Mr. Winkler, 68, best known for his role as The Fonz in the Happy Days series (“I love those retro shows,” a 15-year-old boy told him during the question-and-answer session that followed his talk), has had a rich career as an actor and director despite living with undiagnosed dyslexia until he was 31.
As a dyslexic child, “you spend a third of your time trying to figure out school, a third of the time wondering why you can’t figure it out, and a third of your time covering up your shame and humiliation,” he said. “I covered it up by trying to be funny.”
He’s co-written 25 novels for children about a boy who has dyslexia, is funny, and gets in trouble.
He got a hearty standing ovation, and the mutual admiration society between Mr.
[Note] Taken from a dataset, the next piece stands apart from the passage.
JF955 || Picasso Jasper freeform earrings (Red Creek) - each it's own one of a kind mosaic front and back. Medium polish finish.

Winkler and the audience was at its best during the Q&A session when he bantered effortlessly.
He repeated one of his remarks for a man who hadn’t been able to write it down, gave advice on what to see in New York to another man (the top of the RCA Building), counseled a teen whose brother has attention deficit disorder (told him to ask his brother how it feels to live inside his skin), and brainstormed with another teenager who said she has dyslexia about a project she’s doing to earn a Girl Scout award.
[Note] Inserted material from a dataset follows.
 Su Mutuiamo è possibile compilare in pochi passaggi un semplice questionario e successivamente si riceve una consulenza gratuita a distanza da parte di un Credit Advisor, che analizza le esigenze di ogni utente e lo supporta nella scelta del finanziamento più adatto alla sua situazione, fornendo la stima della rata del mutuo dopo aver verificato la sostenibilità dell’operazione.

When an 8-year-old boy approached the microphone, his father snapping pictures behind him, Mr. Winkler left the stage and walked into the audience to explain how Fonzie got his name, then kissed and hugged the child. “Adorable,” he said.
The next person in line — a blonde woman — moved in for a hug and a kiss on the cheek.
“That’s all I wanted,” she said.
To a woman who said she had met and discussed him with his cousin, Stan Winkler, he said he had no such relative. “He has your eyes,” the woman said.
“Then he’s had surgery,” Mr. Winkler replied.
The Toledo-Lucas County Public Library announced the fall Authors! Authors! lineup: Political journalist Cokie Roberts will speak Sept. 3; Iranian-born Marjane Satrapi is scheduled for Oct. 22, and best-selling writer Elizabeth Gilbert (Eat, Pray, Love) will take the podium Nov. 19.